One consequence is that in cutting back on fats, we are now eating a lot more carbohydrates — at least 25% more since the early 1970s. Consumption of saturated fat, meanwhile, has dropped by 11%, according to the best available government data. Translation: Instead of meat, eggs and cheese, we’re eating more pasta, grains, fruit and starchy vegetables such as potatoes. Even seemingly healthy low-fat foods, such as yogurt, are stealth carb-delivery systems, since removing the fat often requires the addition of fillers to make up for lost texture — and these are usually carbohydrate-based. The problem is that carbohydrates break down into glucose, which causes the body to release insulin — a hormone that is fantastically efficient at storing fat. Meanwhile, fructose, the main sugar in fruit, causes the liver to generate triglycerides and other lipids in the blood that are altogether bad news. Excessive carbohydrates lead not only to obesity but also, over time, to Type 2 diabetes and, very likely, heart disease…

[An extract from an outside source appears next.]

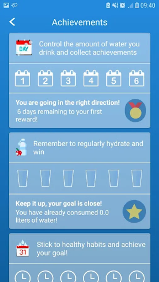 Drink Water Reminder will help you to control level of hydration properly to your needs and your lifestyle. Drinking water will become a routine and your organism will soon feel that change.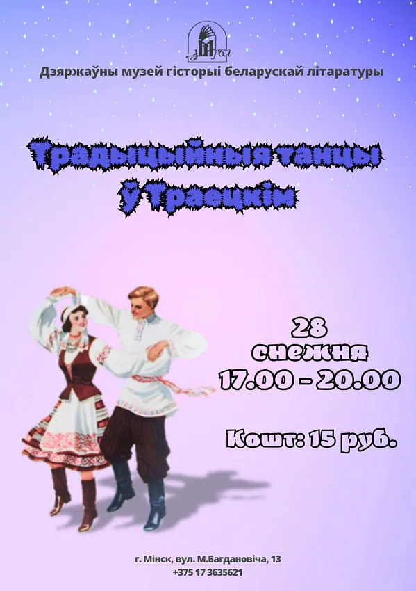 28 снежня ў музеі гісторыі беларускай літаратуры - вялікая вечарына традыцыйных танцаў.

The second big unintended consequence of our shift away from animal fats is that we’re now consuming more vegetable oils. Butter and lard had long been staples of the American pantry until Crisco, introduced in 1911, became the first vegetable-based fat to win wide acceptance in U.S. kitchens. Then came margarines made from vegetable oil and then just plain vegetable oil in bottles… After the AHA advised the public to eat less saturated fat and switch to vegetable oils for a “healthy heart” in 1961, Americans changed their diets. Now these oils represent 7% to 8% of all calories in our diet, up from nearly zero in 1900, the biggest increase in consumption of any type of food over the past century.
This shift seemed like a good idea at the time, but it brought many potential health problems in its wake. In those early clinical trials, people on diets high in vegetable oil were found to suffer higher rates not only of cancer but also of gallstones… We’ve also known since the 1940s that when heated, vegetable oils create oxidation products that, in experiments on animals, lead to cirrhosis of the liver and early death. For these reasons, some midcentury chemists warned against the consumption of these oils, but their concerns were allayed by a chemical fix: Oils could be rendered more stable through a process called hydrogenation, which used a catalyst to turn them from oils into solids. From the 1950s on, these hardened oils became the backbone of the entire food industry, used in cakes, cookies, chips, breads, frostings, fillings, and frozen and fried food. Unfortunately, hydrogenation also produced trans fats, which since the 1970s have been suspected of interfering with basic cellular functioning and were recently condemned by the Food and Drug Administration for their ability to raise our levels of “bad” LDL cholesterol.